## SUPPLIED INFORMATION
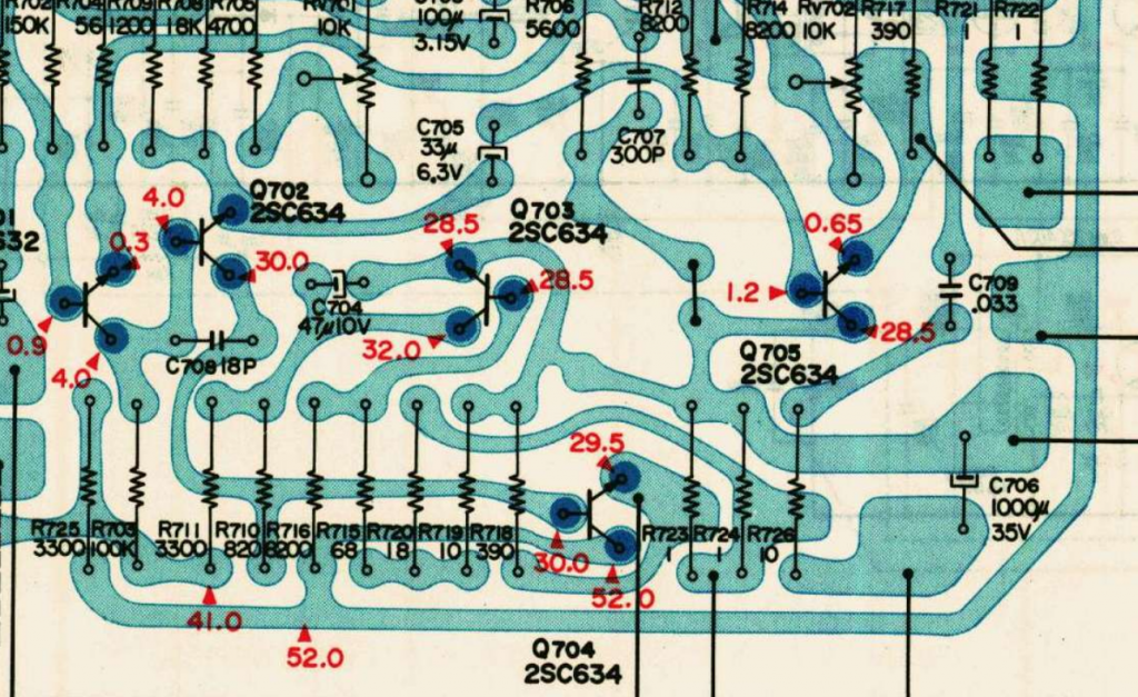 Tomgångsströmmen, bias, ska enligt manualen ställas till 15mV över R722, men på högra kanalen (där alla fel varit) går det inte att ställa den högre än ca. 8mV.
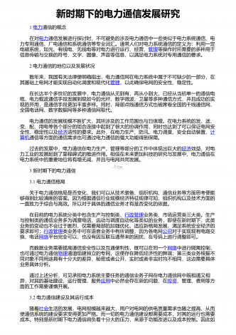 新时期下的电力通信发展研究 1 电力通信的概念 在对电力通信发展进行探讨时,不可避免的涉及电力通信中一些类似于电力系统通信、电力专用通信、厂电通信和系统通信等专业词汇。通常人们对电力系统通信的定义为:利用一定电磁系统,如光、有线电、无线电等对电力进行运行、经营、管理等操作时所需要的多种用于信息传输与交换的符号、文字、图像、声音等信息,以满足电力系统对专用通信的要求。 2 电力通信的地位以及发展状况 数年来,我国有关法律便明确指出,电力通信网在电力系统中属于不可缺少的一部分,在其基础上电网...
...
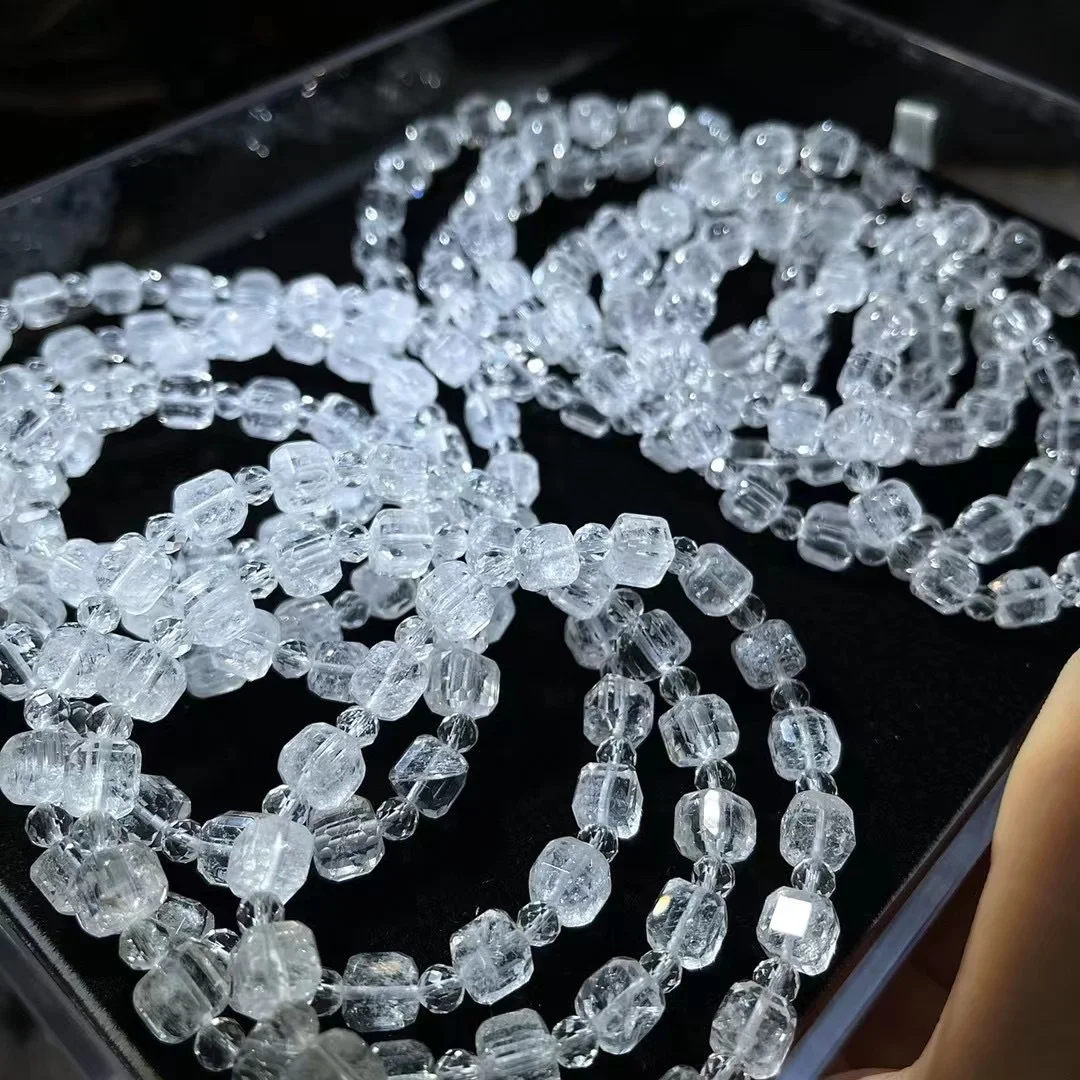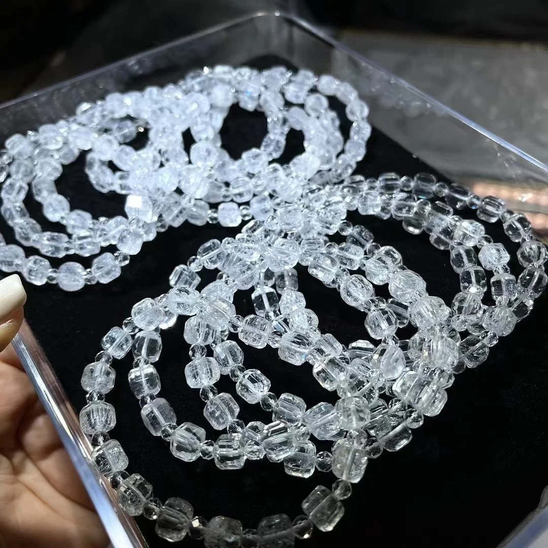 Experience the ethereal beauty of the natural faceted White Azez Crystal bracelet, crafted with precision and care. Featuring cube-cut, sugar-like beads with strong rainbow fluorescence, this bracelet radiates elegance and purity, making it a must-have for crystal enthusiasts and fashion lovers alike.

## TASK GOAL
From the records above, copy only the lines running from the line holding "Tomgångsströmmen, bias, ska" through the line holding "新时期下的电力通信发展研究 1 电力通信的概念", with no pictures.

## ANSWER BOX
 Tomgångsströmmen, bias, ska enligt manualen ställas till 15mV över R722, men på högra kanalen (där alla fel varit) går det inte att ställa den högre än ca. 8mV.
 新时期下的电力通信发展研究 1 电力通信的概念 在对电力通信发展进行探讨时,不可避免的涉及电力通信中一些类似于电力系统通信、电力专用通信、厂电通信和系统通信等专业词汇。通常人们对电力系统通信的定义为:利用一定电磁系统,如光、有线电、无线电等对电力进行运行、经营、管理等操作时所需要的多种用于信息传输与交换的符号、文字、图像、声音等信息,以满足电力系统对专用通信的要求。 2 电力通信的地位以及发展状况 数年来,我国有关法律便明确指出,电力通信网在电力系统中属于不可缺少的一部分,在其基础上电网...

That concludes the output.